What you are asked to do
Reproduce only this stretch of the listing below: from the line with "ひまわりの里、北竜町の道の駅" through the line with "根據(jù)用戶的具體需求及", exactly as written, with pictures excluded.

Records shown

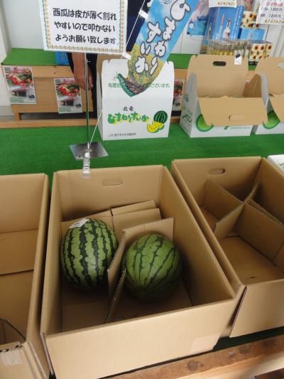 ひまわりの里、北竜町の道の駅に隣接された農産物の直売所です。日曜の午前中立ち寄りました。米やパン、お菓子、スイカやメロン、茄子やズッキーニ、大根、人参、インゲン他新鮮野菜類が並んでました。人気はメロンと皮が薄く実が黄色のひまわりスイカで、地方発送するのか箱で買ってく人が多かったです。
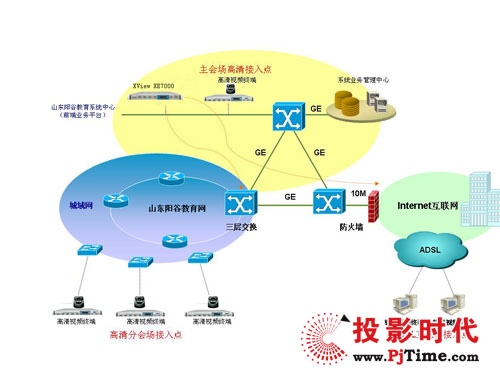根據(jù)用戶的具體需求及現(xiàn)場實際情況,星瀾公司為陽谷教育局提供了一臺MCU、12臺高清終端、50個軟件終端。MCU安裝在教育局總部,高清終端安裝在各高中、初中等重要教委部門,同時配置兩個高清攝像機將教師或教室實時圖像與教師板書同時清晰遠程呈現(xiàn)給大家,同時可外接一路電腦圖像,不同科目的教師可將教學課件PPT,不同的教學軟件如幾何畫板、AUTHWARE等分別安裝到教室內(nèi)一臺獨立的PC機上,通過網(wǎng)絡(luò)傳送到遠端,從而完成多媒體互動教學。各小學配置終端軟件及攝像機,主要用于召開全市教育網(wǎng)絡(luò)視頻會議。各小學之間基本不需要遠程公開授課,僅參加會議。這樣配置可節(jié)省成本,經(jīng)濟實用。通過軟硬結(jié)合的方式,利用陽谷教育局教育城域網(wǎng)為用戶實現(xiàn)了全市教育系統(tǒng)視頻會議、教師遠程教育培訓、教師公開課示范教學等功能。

--

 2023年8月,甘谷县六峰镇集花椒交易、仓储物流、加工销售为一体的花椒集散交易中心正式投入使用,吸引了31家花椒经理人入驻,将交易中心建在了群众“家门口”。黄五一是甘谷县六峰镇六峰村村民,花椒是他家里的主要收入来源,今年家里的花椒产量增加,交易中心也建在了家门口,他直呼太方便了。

Answer below
 ひまわりの里、北竜町の道の駅に隣接された農産物の直売所です。日曜の午前中立ち寄りました。米やパン、お菓子、スイカやメロン、茄子やズッキーニ、大根、人参、インゲン他新鮮野菜類が並んでました。人気はメロンと皮が薄く実が黄色のひまわりスイカで、地方発送するのか箱で買ってく人が多かったです。
根據(jù)用戶的具體需求及現(xiàn)場實際情況,星瀾公司為陽谷教育局提供了一臺MCU、12臺高清終端、50個軟件終端。MCU安裝在教育局總部,高清終端安裝在各高中、初中等重要教委部門,同時配置兩個高清攝像機將教師或教室實時圖像與教師板書同時清晰遠程呈現(xiàn)給大家,同時可外接一路電腦圖像,不同科目的教師可將教學課件PPT,不同的教學軟件如幾何畫板、AUTHWARE等分別安裝到教室內(nèi)一臺獨立的PC機上,通過網(wǎng)絡(luò)傳送到遠端,從而完成多媒體互動教學。各小學配置終端軟件及攝像機,主要用于召開全市教育網(wǎng)絡(luò)視頻會議。各小學之間基本不需要遠程公開授課,僅參加會議。這樣配置可節(jié)省成本,經(jīng)濟實用。通過軟硬結(jié)合的方式,利用陽谷教育局教育城域網(wǎng)為用戶實現(xiàn)了全市教育系統(tǒng)視頻會議、教師遠程教育培訓、教師公開課示范教學等功能。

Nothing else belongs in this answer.